◆ EXERCISE PROMPT ◆
The entries below are to be restated exactly, and their images are to be omitted.

Stored items from a collection

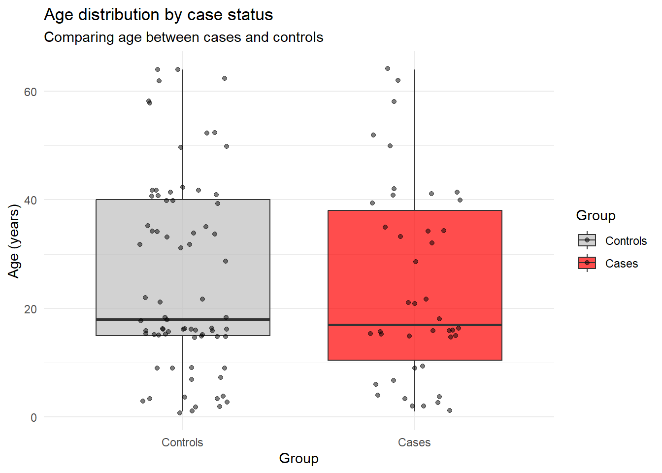 - Tested demographic differences: Determined whether cases and controls are comparable in age and sex distribution
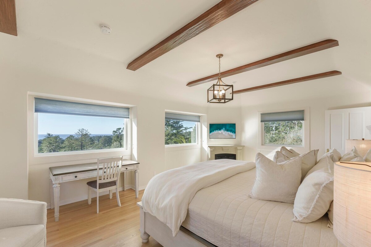 Welcome to your Carmel by the Sea dream getaway. This home was completely remodeled in 2018 by renowned architect Erik Dyar around the original Carmel stone fireplace. Enjoy the fresh, clean and open space of a modern home which is rare in Carmel by the Sea. Soaring ceilings, masterful design elements and furnished with comfort in mind. Lots of space in the back yard of this home (9600 square foot lot) for kids to roam, or your eyes to rest on the gorgeous Eucalyptus and Cypress trees.
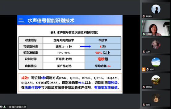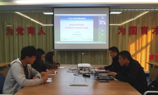 在高效可靠水声通信技术方面,王景景教授也介绍了其背景与难题,以及对应的解决方案,其研制的智能水声通信机已实现5km距离下10kb/s的高效可靠传输。会后,与会教师与王景景教授进行了深入交流。
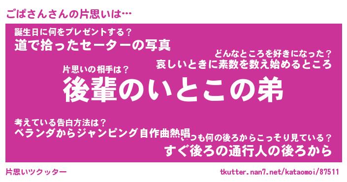 | 2回繰り返すあだ名 | 『ごぱごぱ』『ごごぱぱ』『ごたごた』 |
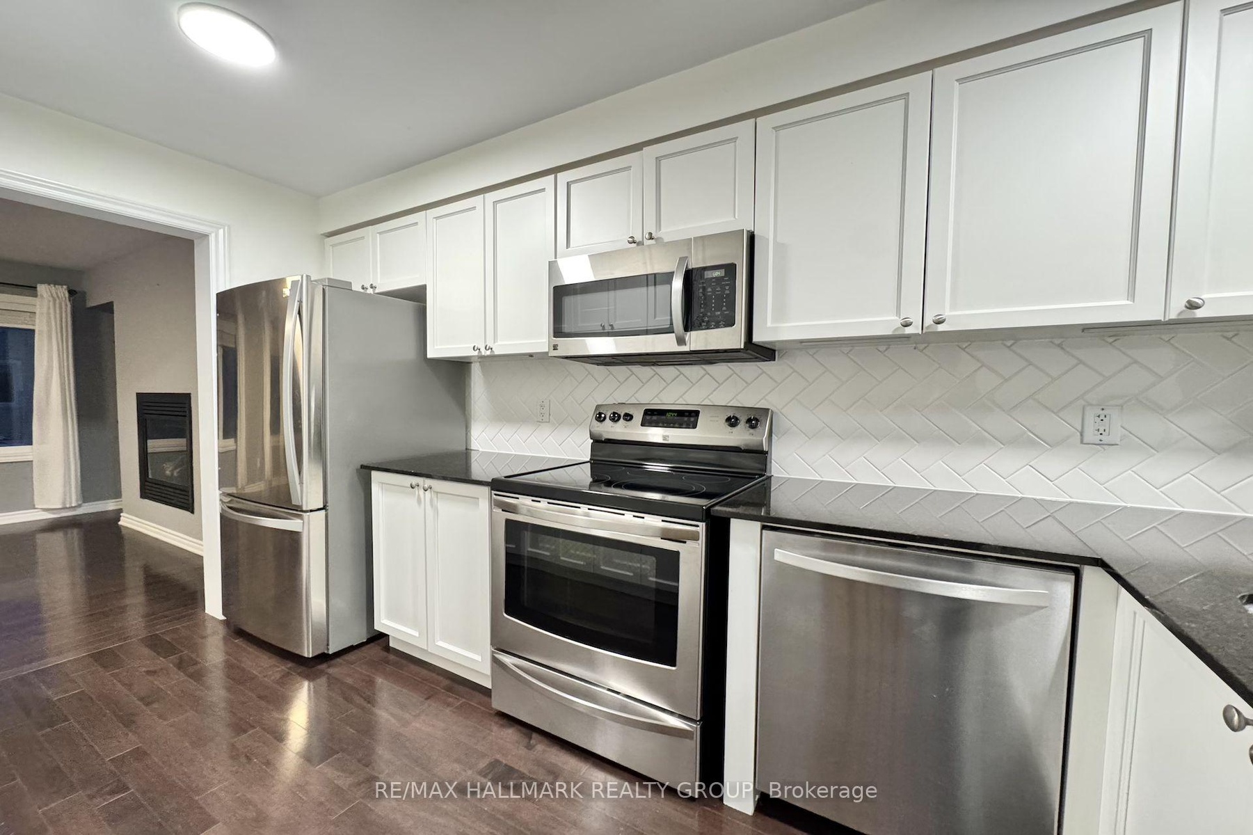 Nestled in one of Kanata's most sought-after communities, this stylish townhome offers the perfect blend of comfort and sophistication. The main floor features a family room with a walkout to the fully fenced backyard, complete with a cozy pergola and a large deck. The second level welcomes you with a bright living room, rich hardwood floors, and large windows that flood the space with natural light. The modern kitchen boasts quartz countertops, ample cabinetry, and stainless steel appliances, opening seamlessly to the sunlit dining area. Gleaming hardwood floors and abundant natural light create a warm, inviting atmosphere throughout. Upstairs, the spacious primary bedroom, two additional bedrooms, and a full bath complete the third level. Conveniently located near top-rated schools, parks, trails, shopping, restaurants, transit, and major highways. This stunning townhome truly has it all. Style, function, and location come together beautifully. Don't miss your chance to call it home!
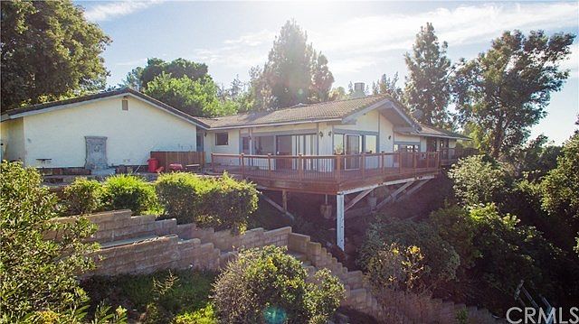 Very charming & cozy single story home in the exclusive & prestigious 'The Country Estates'. Affording utmost privacy in a highly desirable & private location below street level on a sweeping lot, this classic craftsman style home boasts unparalleled 180 degree panoramic views of stunning city lights & mtns. Fully immerse in the serene forestial environment complete w/an outdoor terrace, an entertaining slated stone paved fire pit area, 2 accessible horse stables down the hill, & spacious 3 car garage completes this home. With a huge frontage, cozy & comforting interiors, splendid features of this home include incredible views frm every angle, a bright ambiance, spacious living rm & family rm w/stacked stone fireplaces, charming kitchen complete w/granite counters, recessed lighting, built in apps (oven, microwave, gas cook top, refrigerator, trash comp., dishwasher, lrg sink, etc.). Private quarters offer 4bedrms & 3 full bathrms. The main master features a spacious walk in closet, Jacuzzi tub, & patio doors to the viewing terrace. Comforting appeal that incorporates natural elements & a simple interior w/exposed beam ceilings & wood mouldings. Great potential & needs TLC, fantastic location! Sold in AS-IS condition.
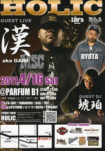 今回HOLICのGUESTは・・・ あのMSC,LibraからMC.漢akaGAMI ★★初来諫★★ DJには、LIBRAが誇る豪腕DJ DJ琥珀 毎回皆さんが楽しみにしている DJ RYOTAplayで今回もガチ上げてもらいましょう DJ RYOTA 今回も皆さんを"HOLIC"中毒にしちゃいますっ!! HOLIC 2011.4.16(sat) @PARFUM B1(映画館パルファンB1) START 22:00 ADV ¥2500 DAY ¥3500 −GUEST− 漢akaGAMI DJ 琥珀 DJ RYOTA −DJ− YA-ZOO YAMAHIRO
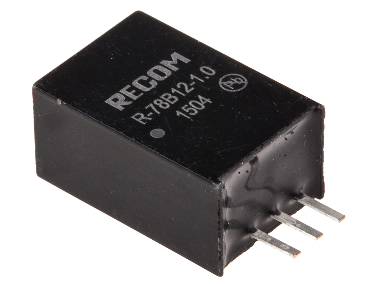 This is Switching Regulator 32V dc Input 12V dc Output 1A manufactured by Recom. The manufacturer part number is R-78B12-1.0. Additionally, the product is supplied with 1 outputs. Load Regulation - 0.1%. It carries 1a output current. It is a highly efficient product with an 96% of high efficiency. The typical product's weight is 4g. It is shipped in sip package . The product has +85°c maximum temperature. The product r-78b-1.0, is a highly preferred choice for users. Carries 25mv pk-pk ripple and noise. Its accurate length is 11.5mm. Furthermore, the product is 8.5mm wide. The product comes in 17.5mm depth. The MTBF values include 6584000h. Features a 12v dc output voltage. While its minimum temperature is -40°c. The product is available in through hole configuration. Feature 12w of power rating. Its input voltage is 32v dc. Has a line regulation of 0.25%.
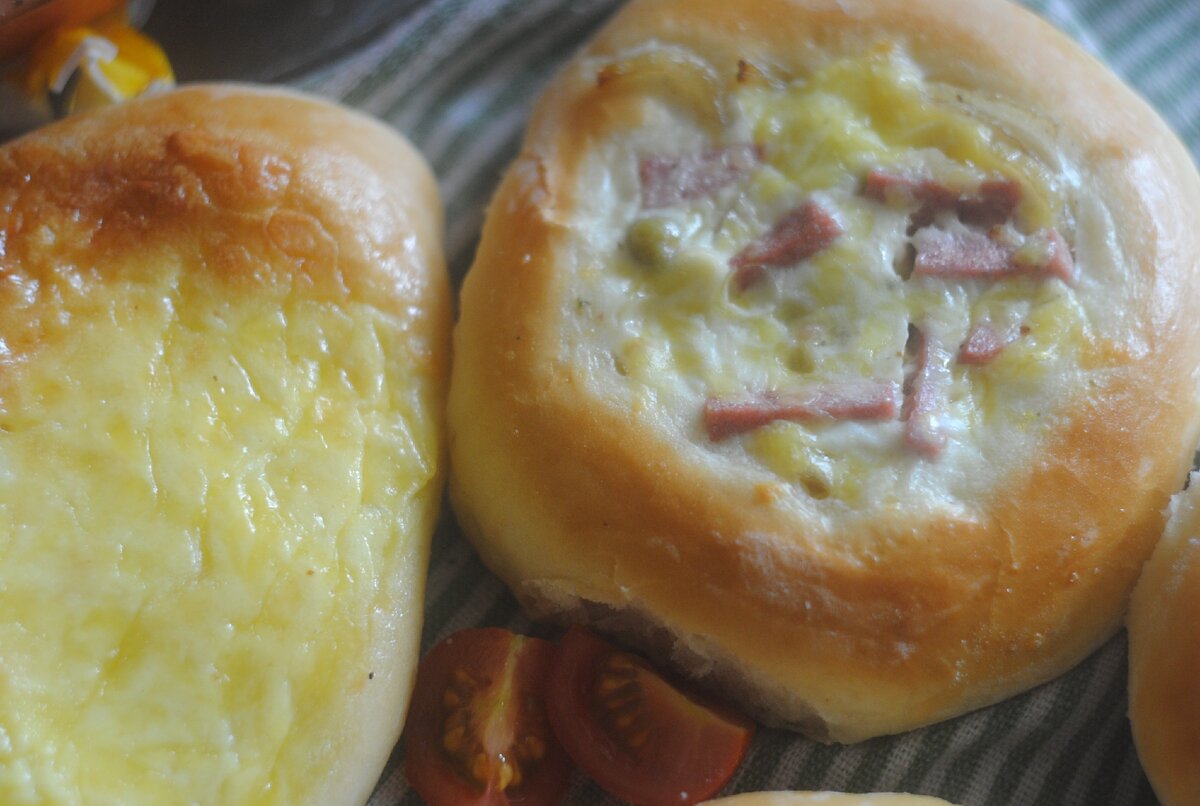 Много плюшек нужно на нашу семью. 4 растущих организма и муж с хорошим аппетитом- вот откуда я черпаю кулинарное вдохновение. Вообще мне очень повезло, что я люблю готовить. Потому что без любви к кулинарным экспериментам мне бы пришлось очень непросто. Ну или наоборот- мне было бы очень просто) Вот на днях вдохновение намекнуло мне, что давненько на наше столе не красовались аппетитные лепешки и ватрушки. Пообещала семье приготовить вкусности и удалилась на кухню. Главное правило вкусной домашней выпечки- мало теста и много начинки. Тесто для лепешек и ватрушек я готовила одинаковое- на молоке. 1 стакан теплого молока смешиваем с 5 гр.сухих дрожжей, сахаром, солью, 1 яйцом, 2 ст.л. растительного масла и мука- чтобы получилось мягкое и не липнущее к рукам тесто. Даю ему дважды подойти в мультиварке. Начинки готовила две. Для лепешек натерла сыр,добавила яйцо, пару ложек сметаны- все перемешала до однородного состояния. Для ватрушек мне понадобился сыр(грамм 150), колбаса (150 г
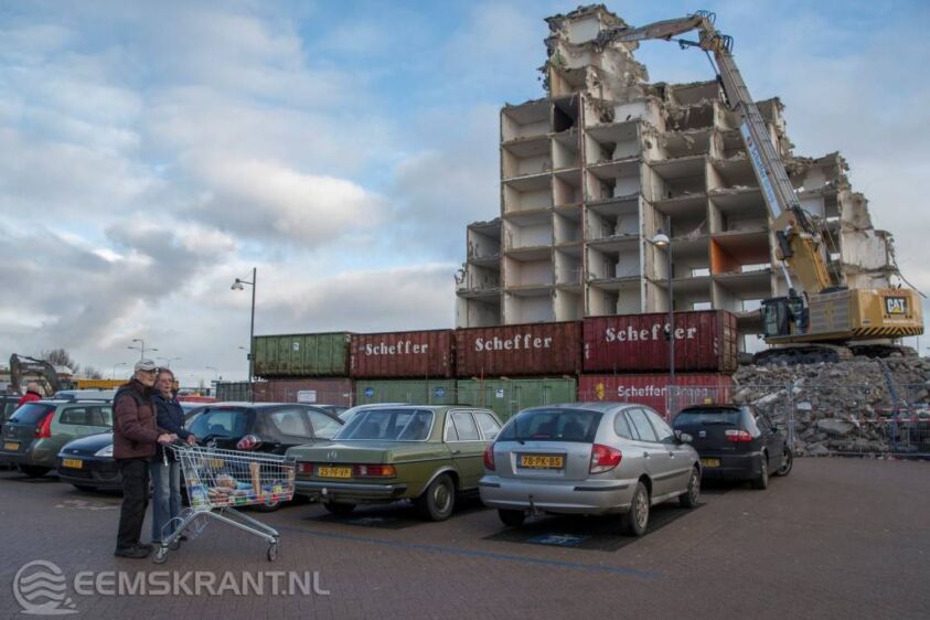 De sloop van het 80 appartementen tellende flatgebouw verloopt minder snel dan eerder werd verwacht. Bij aanvang van de sloop werd er vanuit gegaan dat de flat binnen drie week uit het straatbeeld van Delfzijl zou zijn verdwenen. Nu bijna zes week later heeft de 70 tons sloopkraan net de laatste woning op de bovenste etage gesloopt.
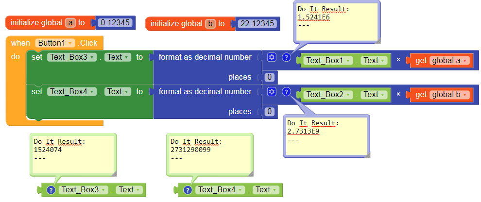 I have tried to multiply T1 with global “a” when button1 click & display it in V1.
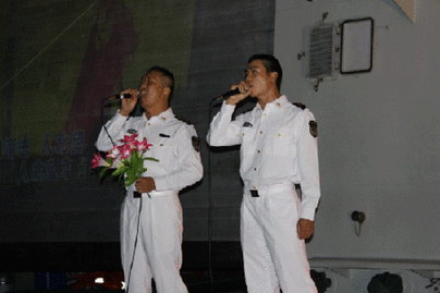 “?凇迸炛笓]員胡偉華在甲板“春晚”上高歌一曲《九月九的酒》,既勾起艦員們“每逢佳節(jié)倍思親”的思緒,又唱響了中國海軍護航官兵不畏艱難險阻、壯懷激烈的熱血情懷。
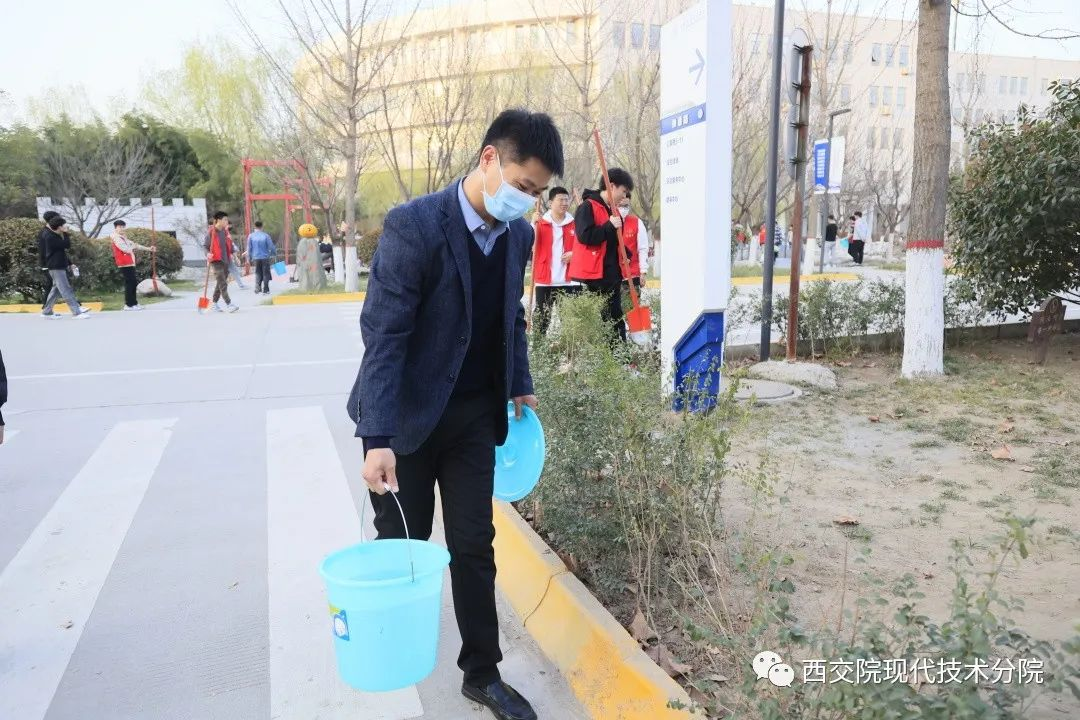 在学院党委书记兼副院长田宏顺的带领下志愿者们有序分配好工具之后,开始行动,男生负责取水、松土,女生负责浇水,大家分工明确,互助合作,认真清理了树丛中的落叶和垃圾,并对宿舍楼附近的百余棵树木和绿植进行了浇灌。师生们秉持着不怕苦不怕累,甘于奉献,认真细致的态度,为建设美丽校园挥洒着自己的汗水,齐心协力完成了志愿活动,不仅增强了志愿者们的凝聚力,也体现出了志愿者们为建设美丽交院贡献自己一份力量的决心。

◆ WRITTEN RESPONSE ◆
 - Tested demographic differences: Determined whether cases and controls are comparable in age and sex distribution
 Welcome to your Carmel by the Sea dream getaway. This home was completely remodeled in 2018 by renowned architect Erik Dyar around the original Carmel stone fireplace. Enjoy the fresh, clean and open space of a modern home which is rare in Carmel by the Sea. Soaring ceilings, masterful design elements and furnished with comfort in mind. Lots of space in the back yard of this home (9600 square foot lot) for kids to roam, or your eyes to rest on the gorgeous Eucalyptus and Cypress trees.
 在高效可靠水声通信技术方面,王景景教授也介绍了其背景与难题,以及对应的解决方案,其研制的智能水声通信机已实现5km距离下10kb/s的高效可靠传输。会后,与会教师与王景景教授进行了深入交流。
 | 2回繰り返すあだ名 | 『ごぱごぱ』『ごごぱぱ』『ごたごた』 |
 Nestled in one of Kanata's most sought-after communities, this stylish townhome offers the perfect blend of comfort and sophistication. The main floor features a family room with a walkout to the fully fenced backyard, complete with a cozy pergola and a large deck. The second level welcomes you with a bright living room, rich hardwood floors, and large windows that flood the space with natural light. The modern kitchen boasts quartz countertops, ample cabinetry, and stainless steel appliances, opening seamlessly to the sunlit dining area. Gleaming hardwood floors and abundant natural light create a warm, inviting atmosphere throughout. Upstairs, the spacious primary bedroom, two additional bedrooms, and a full bath complete the third level. Conveniently located near top-rated schools, parks, trails, shopping, restaurants, transit, and major highways. This stunning townhome truly has it all. Style, function, and location come together beautifully. Don't miss your chance to call it home!
 Very charming & cozy single story home in the exclusive & prestigious 'The Country Estates'. Affording utmost privacy in a highly desirable & private location below street level on a sweeping lot, this classic craftsman style home boasts unparalleled 180 degree panoramic views of stunning city lights & mtns. Fully immerse in the serene forestial environment complete w/an outdoor terrace, an entertaining slated stone paved fire pit area, 2 accessible horse stables down the hill, & spacious 3 car garage completes this home. With a huge frontage, cozy & comforting interiors, splendid features of this home include incredible views frm every angle, a bright ambiance, spacious living rm & family rm w/stacked stone fireplaces, charming kitchen complete w/granite counters, recessed lighting, built in apps (oven, microwave, gas cook top, refrigerator, trash comp., dishwasher, lrg sink, etc.). Private quarters offer 4bedrms & 3 full bathrms. The main master features a spacious walk in closet, Jacuzzi tub, & patio doors to the viewing terrace. Comforting appeal that incorporates natural elements & a simple interior w/exposed beam ceilings & wood mouldings. Great potential & needs TLC, fantastic location! Sold in AS-IS condition.
 今回HOLICのGUESTは・・・ あのMSC,LibraからMC.漢akaGAMI ★★初来諫★★ DJには、LIBRAが誇る豪腕DJ DJ琥珀 毎回皆さんが楽しみにしている DJ RYOTAplayで今回もガチ上げてもらいましょう DJ RYOTA 今回も皆さんを"HOLIC"中毒にしちゃいますっ!! HOLIC 2011.4.16(sat) @PARFUM B1(映画館パルファンB1) START 22:00 ADV ¥2500 DAY ¥3500 −GUEST− 漢akaGAMI DJ 琥珀 DJ RYOTA −DJ− YA-ZOO YAMAHIRO
 This is Switching Regulator 32V dc Input 12V dc Output 1A manufactured by Recom. The manufacturer part number is R-78B12-1.0. Additionally, the product is supplied with 1 outputs. Load Regulation - 0.1%. It carries 1a output current. It is a highly efficient product with an 96% of high efficiency. The typical product's weight is 4g. It is shipped in sip package . The product has +85°c maximum temperature. The product r-78b-1.0, is a highly preferred choice for users. Carries 25mv pk-pk ripple and noise. Its accurate length is 11.5mm. Furthermore, the product is 8.5mm wide. The product comes in 17.5mm depth. The MTBF values include 6584000h. Features a 12v dc output voltage. While its minimum temperature is -40°c. The product is available in through hole configuration. Feature 12w of power rating. Its input voltage is 32v dc. Has a line regulation of 0.25%.
 Много плюшек нужно на нашу семью. 4 растущих организма и муж с хорошим аппетитом- вот откуда я черпаю кулинарное вдохновение. Вообще мне очень повезло, что я люблю готовить. Потому что без любви к кулинарным экспериментам мне бы пришлось очень непросто. Ну или наоборот- мне было бы очень просто) Вот на днях вдохновение намекнуло мне, что давненько на наше столе не красовались аппетитные лепешки и ватрушки. Пообещала семье приготовить вкусности и удалилась на кухню. Главное правило вкусной домашней выпечки- мало теста и много начинки. Тесто для лепешек и ватрушек я готовила одинаковое- на молоке. 1 стакан теплого молока смешиваем с 5 гр.сухих дрожжей, сахаром, солью, 1 яйцом, 2 ст.л. растительного масла и мука- чтобы получилось мягкое и не липнущее к рукам тесто. Даю ему дважды подойти в мультиварке. Начинки готовила две. Для лепешек натерла сыр,добавила яйцо, пару ложек сметаны- все перемешала до однородного состояния. Для ватрушек мне понадобился сыр(грамм 150), колбаса (150 г
 De sloop van het 80 appartementen tellende flatgebouw verloopt minder snel dan eerder werd verwacht. Bij aanvang van de sloop werd er vanuit gegaan dat de flat binnen drie week uit het straatbeeld van Delfzijl zou zijn verdwenen. Nu bijna zes week later heeft de 70 tons sloopkraan net de laatste woning op de bovenste etage gesloopt.
 I have tried to multiply T1 with global “a” when button1 click & display it in V1.
 “?凇迸炛笓]員胡偉華在甲板“春晚”上高歌一曲《九月九的酒》,既勾起艦員們“每逢佳節(jié)倍思親”的思緒,又唱響了中國海軍護航官兵不畏艱難險阻、壯懷激烈的熱血情懷。
 在学院党委书记兼副院长田宏顺的带领下志愿者们有序分配好工具之后,开始行动,男生负责取水、松土,女生负责浇水,大家分工明确,互助合作,认真清理了树丛中的落叶和垃圾,并对宿舍楼附近的百余棵树木和绿植进行了浇灌。师生们秉持着不怕苦不怕累,甘于奉献,认真细致的态度,为建设美丽校园挥洒着自己的汗水,齐心协力完成了志愿活动,不仅增强了志愿者们的凝聚力,也体现出了志愿者们为建设美丽交院贡献自己一份力量的决心。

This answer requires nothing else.